::: Data records

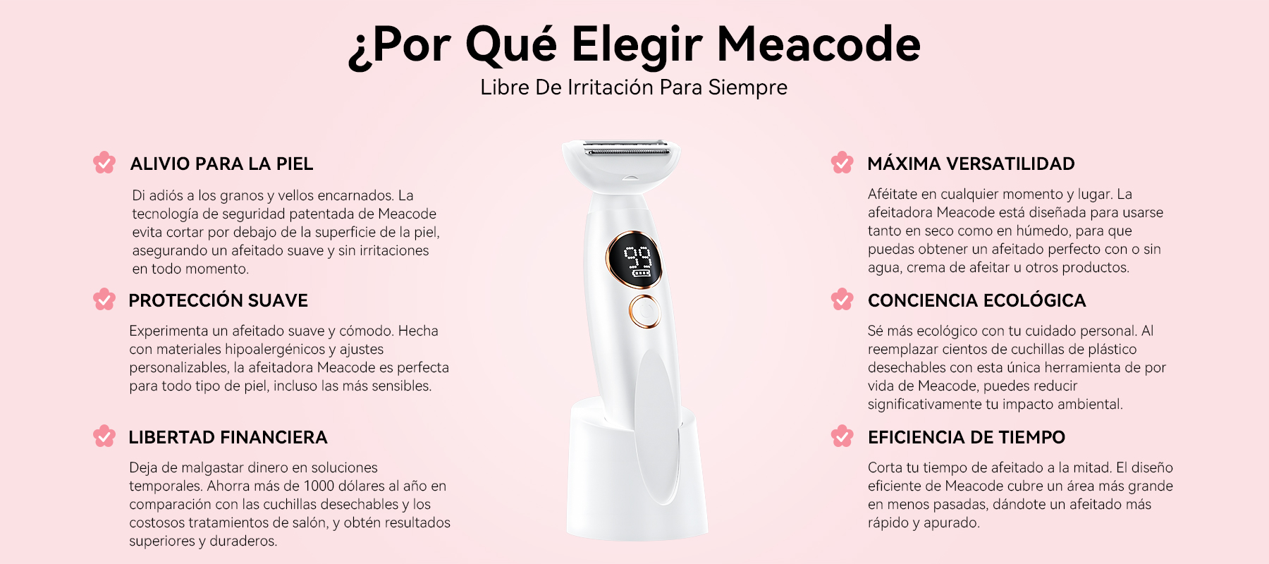 Meacode cree que la tecnología debe empoderar, no complicar. Es por eso que cada característica (tecnología anticorte patentada, versatilidad todo en uno, diseño ergonómico) está hecha para ti. Es más que una recortadora; es tu restauradora de confianza, que te ayuda a recuperar la libertad y a sentirte lista para cualquier cosa.
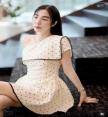 เดรสสุดน่ารักดีไซน์คอปาดแบบเฉียง + ลายจุดขาวดำสุดคลาสสิค ใส่ง่าย ใส่แล้วดูมีลุคชิคๆ หวานๆ ไม่ซ้ำใคร
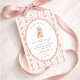 Celebrate your little bunny with this sweet baby shower invitation featuring soft pink stripes, vintage roses, and an adorable watercolor bunny illustration.
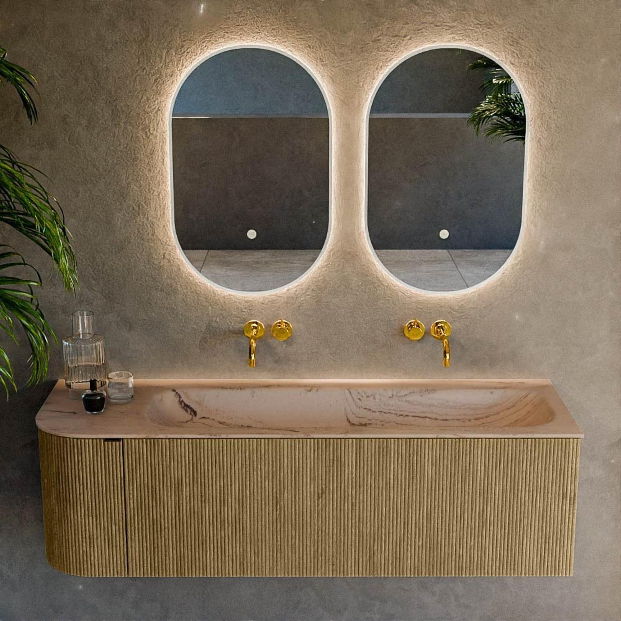 La forme arrondie avec courbe à gauche est idéale si vous placez le meuble le long d’un passage ou à côté d’une douche ou d’un bain. Pas d’angle vif contre lequel vous cogner, mais une ligne fluide qui apporte de la sérénité à l’espace. La dimension 145x46x40 cm est suffisamment généreuse pour un usage confortable par plusieurs membres de la famille, tout en conservant un aspect léger grâce à la profondeur limitée. La vasque simple à droite laisse un espace de plan supplémentaire à gauche pour des accessoires, un beau distributeur de savon ou une pile de serviettes de luxe. Vous combinez ainsi design et confort au quotidien, sans faire de concessions sur la fonctionnalité.
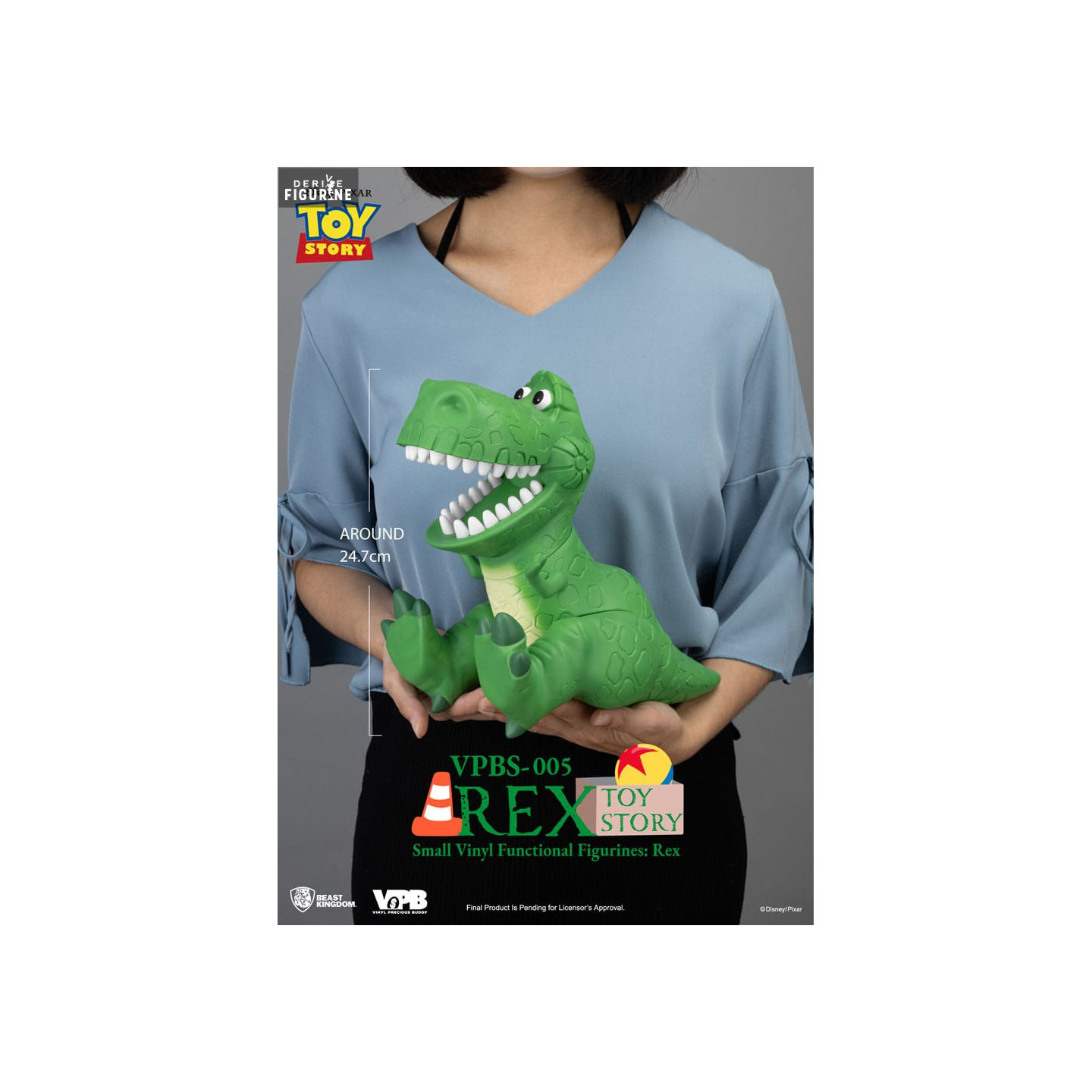 Figurine officielle de Rex en vinyle mesurant environ 25 centimètres de haut. Elle est issue de la collection Small Functional Figurines. Le fabricant est Beast Kingdom.

::::::

Write out the material exactly as it stands, omitting every picture.

> [Answer box]
 Meacode cree que la tecnología debe empoderar, no complicar. Es por eso que cada característica (tecnología anticorte patentada, versatilidad todo en uno, diseño ergonómico) está hecha para ti. Es más que una recortadora; es tu restauradora de confianza, que te ayuda a recuperar la libertad y a sentirte lista para cualquier cosa.
 เดรสสุดน่ารักดีไซน์คอปาดแบบเฉียง + ลายจุดขาวดำสุดคลาสสิค ใส่ง่าย ใส่แล้วดูมีลุคชิคๆ หวานๆ ไม่ซ้ำใคร
 Celebrate your little bunny with this sweet baby shower invitation featuring soft pink stripes, vintage roses, and an adorable watercolor bunny illustration.
 La forme arrondie avec courbe à gauche est idéale si vous placez le meuble le long d’un passage ou à côté d’une douche ou d’un bain. Pas d’angle vif contre lequel vous cogner, mais une ligne fluide qui apporte de la sérénité à l’espace. La dimension 145x46x40 cm est suffisamment généreuse pour un usage confortable par plusieurs membres de la famille, tout en conservant un aspect léger grâce à la profondeur limitée. La vasque simple à droite laisse un espace de plan supplémentaire à gauche pour des accessoires, un beau distributeur de savon ou une pile de serviettes de luxe. Vous combinez ainsi design et confort au quotidien, sans faire de concessions sur la fonctionnalité.
 Figurine officielle de Rex en vinyle mesurant environ 25 centimètres de haut. Elle est issue de la collection Small Functional Figurines. Le fabricant est Beast Kingdom.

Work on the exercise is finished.